Arrest made in art student's killing
A student at the Art Institute of Pittsburgh was killed early Sunday when, investigators said, a deal involving the trade of his iPad for heroin went bad.
Allegheny County police have arrested Taivon Lamont Cunningham, 19, of Beltzhoover, and charged him with homicide, robbery and conspiracy.
According to an affidavit of probable cause, Malachi Urbini, 20, went to McKees Rocks about 3:30 a.m. Sunday to meet with a man named "Tay," to trade his iPod for four stamp bags of heroin.
The affidavit, which includes information from an unnamed witness who went with Mr. Urbini, alleges that after making the first deal, the man showed "Tay," his iPad II, as well. At first, the witness told police, Mr. Urbini said he wanted $600 for it.
However, after about an hour, "Tay" called Mr. Urbini's cell phone, and the two negotiated a deal, the witness said: the iPad for 20 bags of heroin.
Mr. Urbini agreed to meet with Tay to make the deal. He walked down Third Street at Derby Alley, when, the witness said, shots were fired.
Mr. Urbini started running, the affidavit said, and two more shots were fired.
The witness called police, and Mr. Urbini was pronounced dead at Allegheny General Hospital less than an hour later. The medical examiner's office said he died of gunshot wounds to the trunk.

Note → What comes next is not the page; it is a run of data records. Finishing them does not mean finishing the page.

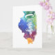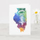 This design features a map of the US State of Illinois featuring the city of Chicago with a multicoloured hand painted watercolor texture. "Chicago" stylized text is added overtop with a star to indicate the location of the city.
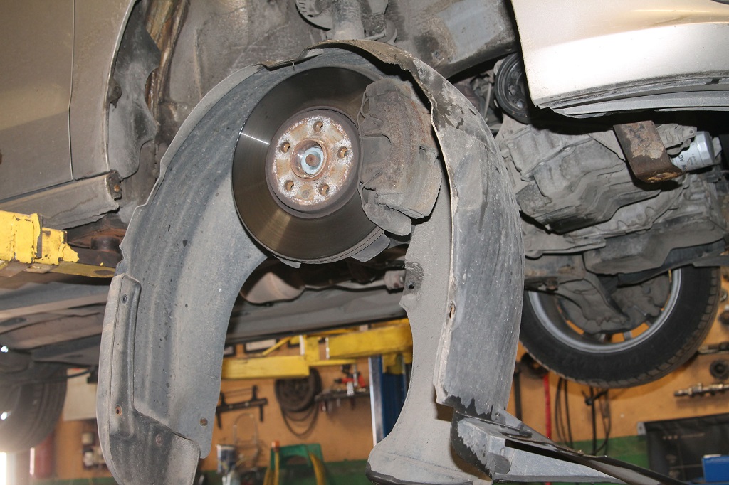 поддомкратить и открутить правое колесо, а потом и защиту колесной арки, которую автомеханики называют локером;
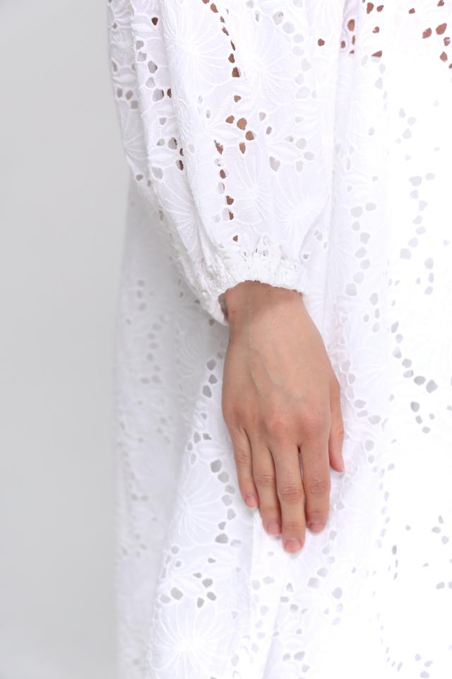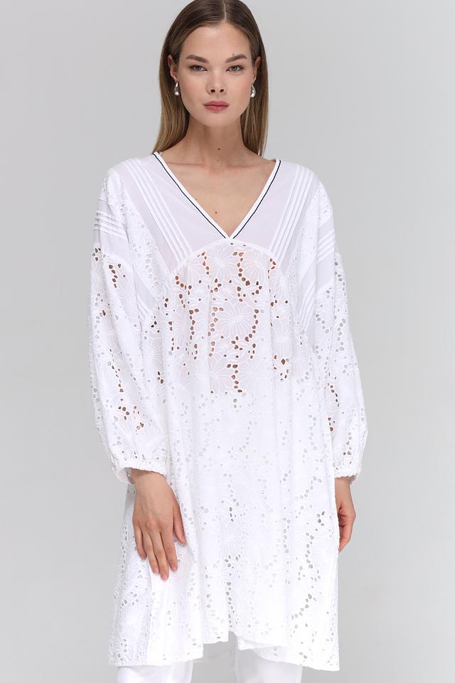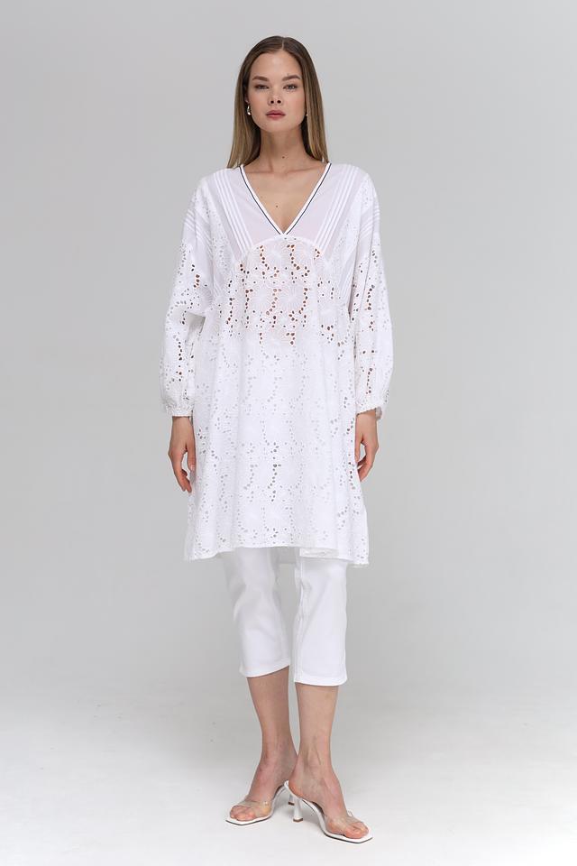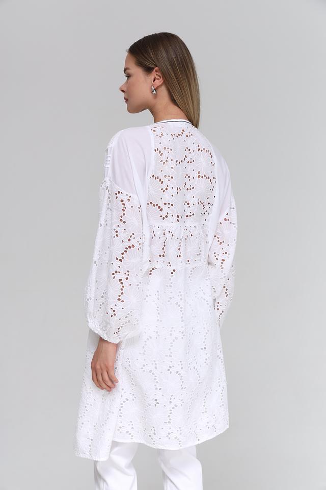 Платье имеет свободный крой, который не сковывает движений и подходит для разных типов фигур. V-образный вырез горловины и рукава-фонарики придают образу женственность и лёгкость. Особый акцент сделан на ажурной вышивке, которая украшает всю поверхность платья, добавляя ему изысканности.
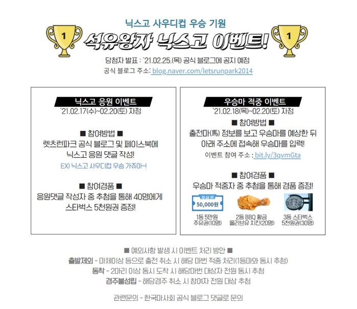 ‘닉스고’의 우승을 기원하는 내용의 SNS댓글을 달면 추첨을 통해 40인에게 커피 상품권을 제공한다. 우승마 예상 이벤트는 사우디컵의 우승마를 예상해 마번을 제출하면 된다. 사우디컵을 보다 적극적으로 즐길 수 있는 우승마 예상 이벤트에는 5만원 상당의 주유권 10매, 치킨 상품권 20매 등 푸짐한 상품이 준비되어 있다. 두 이벤트 모두 20일 자정까지 진행되며, 관련 자세한 내용은 한국마사회 공식 SNS채널에서 확인할 수 있다.
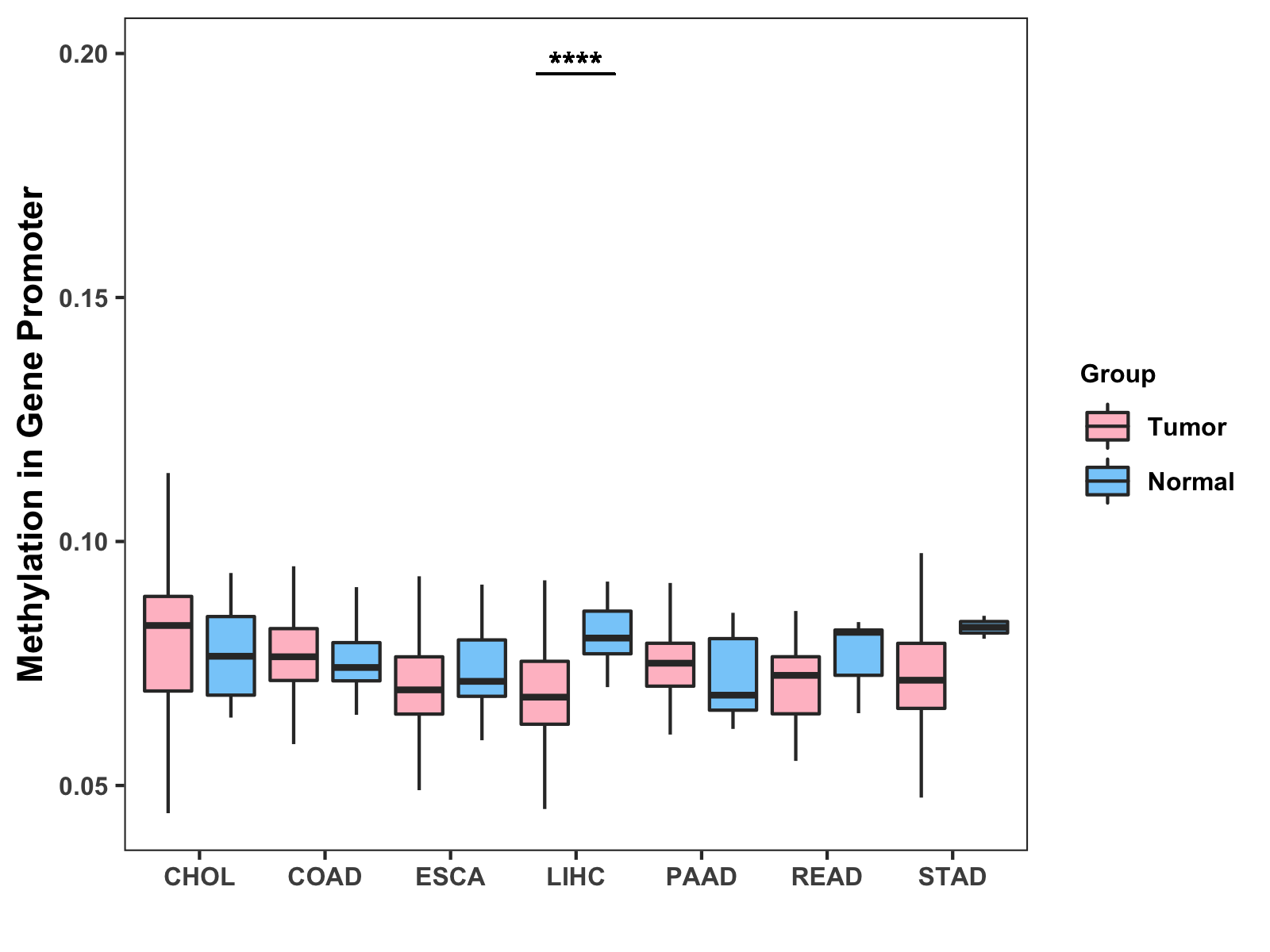 Boxplot of All Gastrointestinal Cancer ( * : 0.01-0.05 , ** : 0.005-0.01 , *** : 0.0001-0.005 , **** : < 0.0001 ) |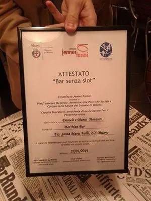 Oggi in Italia, quasi l’80% dei videopoker si trova nei bar e nelle tabaccherie. Se n’è accorta anche l’associazione “Per il Policlinico Onlus”, la cui presidente Claudia Buccellati ha partecipato alla consegna dell’attestato al “Bar Man Bar” “per contribuire ad accendere i riflettori su una piaga che ormai ha assunto i contorni di una vera e propria patologia”.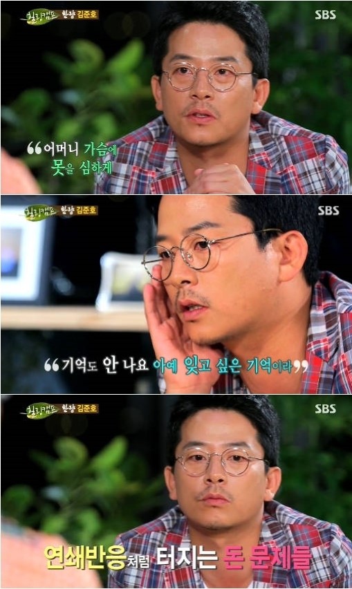 김준호는 6일 방송된 SBS 예능프로그램 ‘힐링캠프 기쁘지 아니한가’(이하 힐링캠프)에 게스트로 출연해 자신의 가정사를 고백했다. 이날 김준호는 “아버지가 임원으로 있던 회사에서 다른 임원이 회사를 빼돌렸다”며 자신의 불행했던 과거사를 털어놨다. 회사를 잃은 김준호의 아버지는 빚 독촉을 피해 4~5년간 도피 생활을 했고, 그 뒤 뇌경색이 왔다고. 간신히 김준호의 성공으로 집안 형편이 필 무렵 “2009년 도박 사건으로 어머니 가슴에 못을 심하게 박았다”고 김준호는 털어놨다.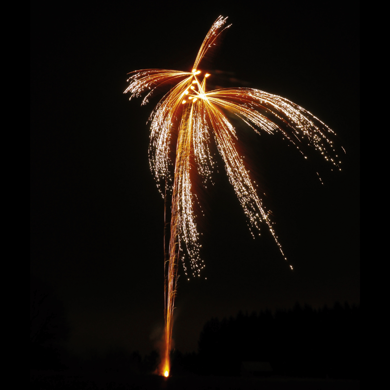25 Schuss Wasserfall-Batterie mit langziehenden weißgoldenen Blinksternen.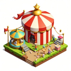 DJJZ, A colorful, detailed isometric illustration of a circus - themed game building. The central big - top is a red and white striped tent with a large, golden star on top. The white background represents the open sky. To the left, a green and yellow carousel ride with prancing horses is spinning. The foreground has a performance area with clowns, juggling balls, and trapezes. There are also popcorn boxes and cotton - candy sticks scattered around. The overall style is whimsical and lively.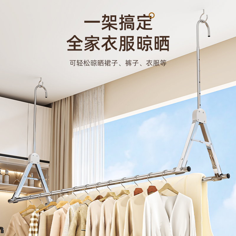 伸缩衣架阳台晾衣晾晒落地家用晾衣架室内卧室置地 升降晾晒衣架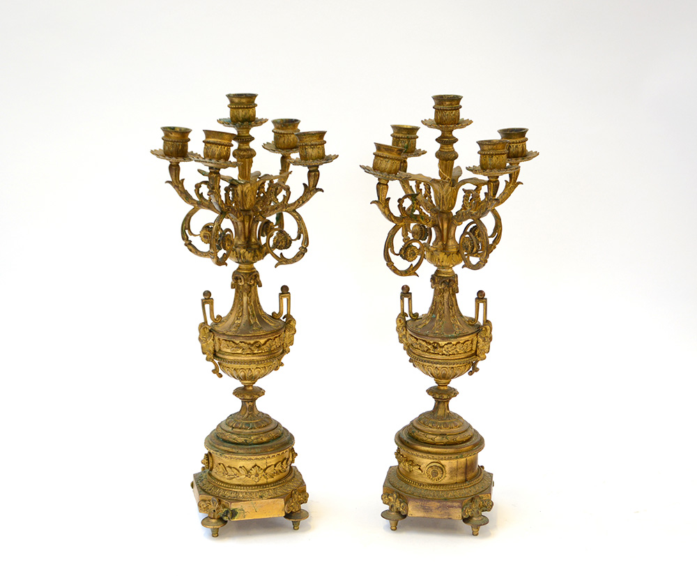 Coppia di candelabri in bronzo dorato a cinque luci con decori fogliacei (h cm 48) (difetti)

The witness was able to pick Mr. Cunninham's picture out of a photo array, the affidavit said.
Mr. Cunningham was wanted on a bench warrant issued April 27 related to felony drug sale charges and filed against him by the Allegheny County Police.
According to Mr. Urbini's friends, he just enrolled in the graphic design program at the Art Institute of Pittsburgh last month. He also worked as a bar back at Club Diesel on the South Side.
He dreamed of being a professional artist and taking his vibrant abstract paintings and sculptures to shows.
Friends were shocked by news of his death and described him as friendly and humorous.
Matt Bellay, 21, of Moon has known Mr. Urbini since the two attended David E. Williams Middle School in Coroapolis.
"He was a really outgoing kid. He wouldn't hurt a fly," he said.
Friends said Mr. Urbini had a range of interests, from art to BMX bikes to world travel. He spent part of his upbringing in Amsterdam with his father, Main Urbini, who moved there after divorcing his mother, and was fluent in Dutch.
He returned to the Pittsburgh area to live with his mother, Pamela Seybold, in 2007, according to court records, and went to Montour High School.